[[ Supplied material, beginning ]]

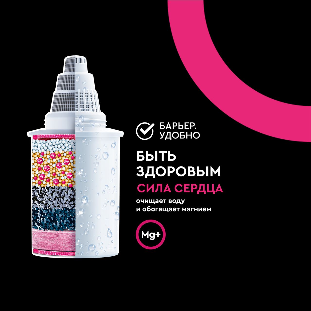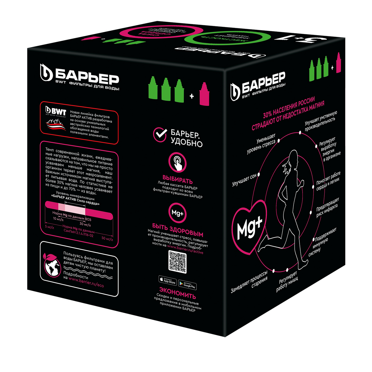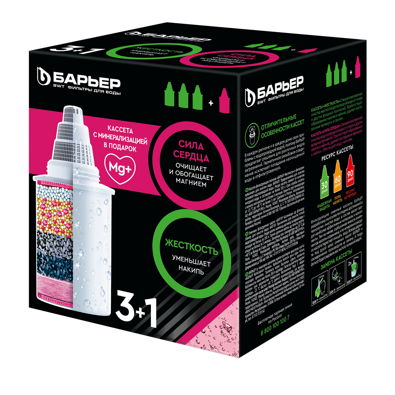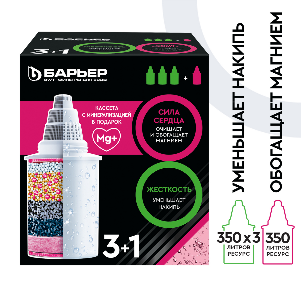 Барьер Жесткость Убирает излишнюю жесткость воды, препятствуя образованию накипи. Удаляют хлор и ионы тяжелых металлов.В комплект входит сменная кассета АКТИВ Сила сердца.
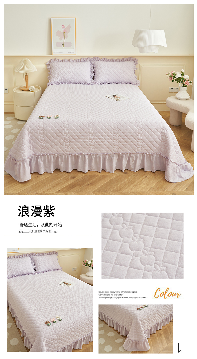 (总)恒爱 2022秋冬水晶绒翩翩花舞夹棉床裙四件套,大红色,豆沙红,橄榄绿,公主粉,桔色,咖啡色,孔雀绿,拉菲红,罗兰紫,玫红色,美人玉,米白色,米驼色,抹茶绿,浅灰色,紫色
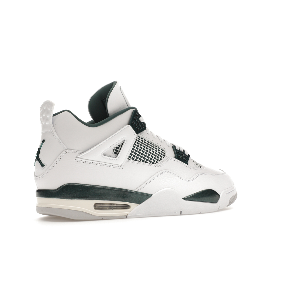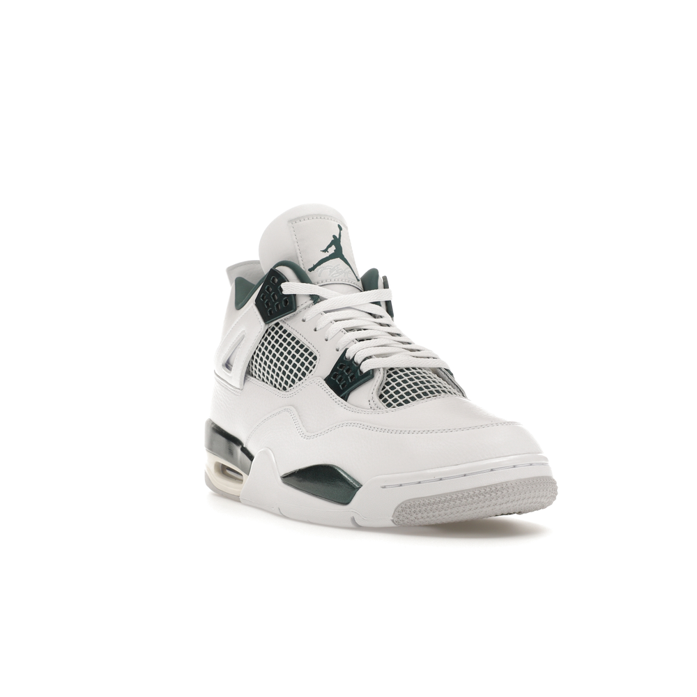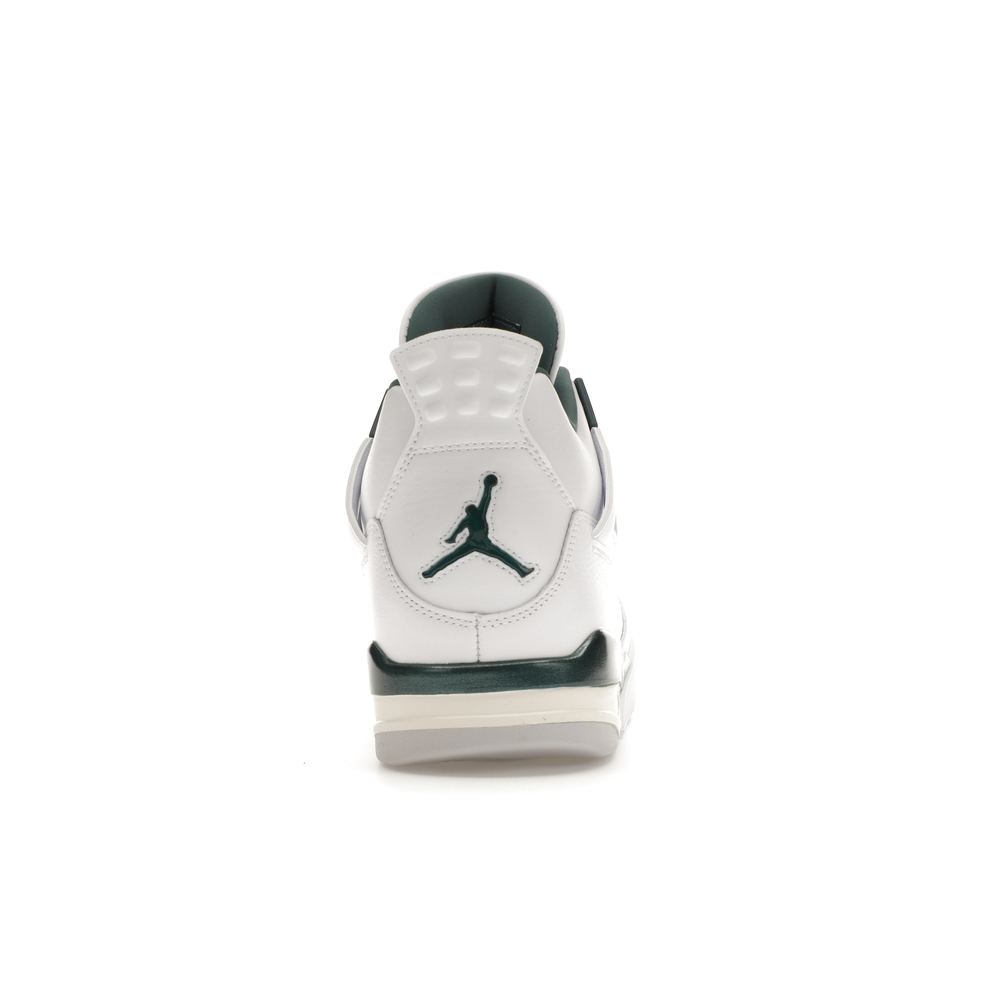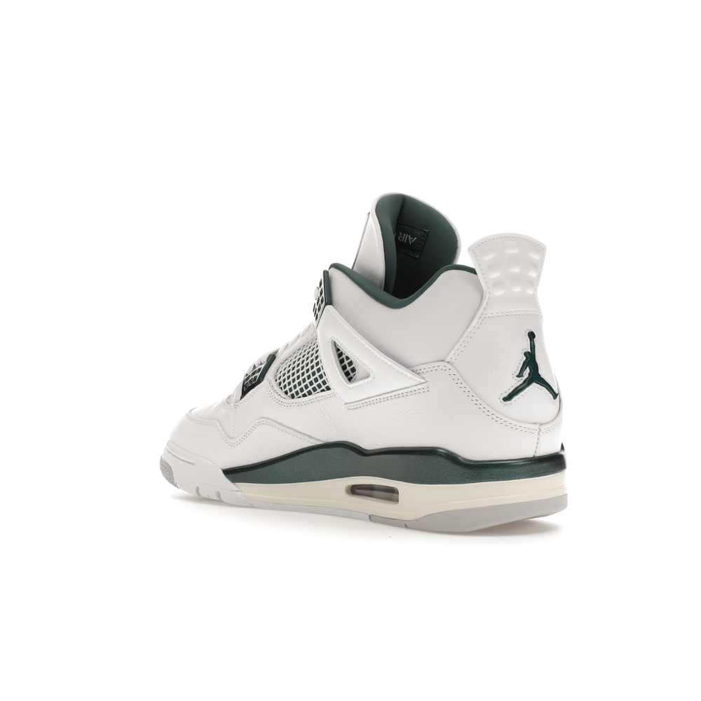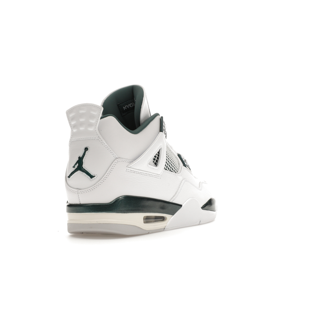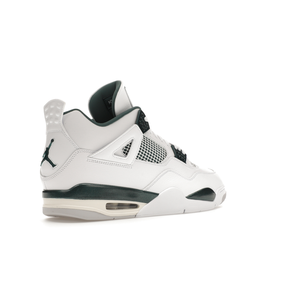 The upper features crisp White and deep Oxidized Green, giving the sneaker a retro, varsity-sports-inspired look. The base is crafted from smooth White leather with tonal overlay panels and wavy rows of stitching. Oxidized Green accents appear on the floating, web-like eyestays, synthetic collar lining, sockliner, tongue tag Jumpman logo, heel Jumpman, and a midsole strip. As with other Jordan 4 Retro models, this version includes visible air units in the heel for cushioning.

[[ Supplied material, end ]]

Task to carry out – Take the lines from the one holding "(总)恒爱 2022秋冬水晶" through the final line of the listing above and copy them exactly, both ends included, with no pictures.

Answer box –
 (总)恒爱 2022秋冬水晶绒翩翩花舞夹棉床裙四件套,大红色,豆沙红,橄榄绿,公主粉,桔色,咖啡色,孔雀绿,拉菲红,罗兰紫,玫红色,美人玉,米白色,米驼色,抹茶绿,浅灰色,紫色
 The upper features crisp White and deep Oxidized Green, giving the sneaker a retro, varsity-sports-inspired look. The base is crafted from smooth White leather with tonal overlay panels and wavy rows of stitching. Oxidized Green accents appear on the floating, web-like eyestays, synthetic collar lining, sockliner, tongue tag Jumpman logo, heel Jumpman, and a midsole strip. As with other Jordan 4 Retro models, this version includes visible air units in the heel for cushioning.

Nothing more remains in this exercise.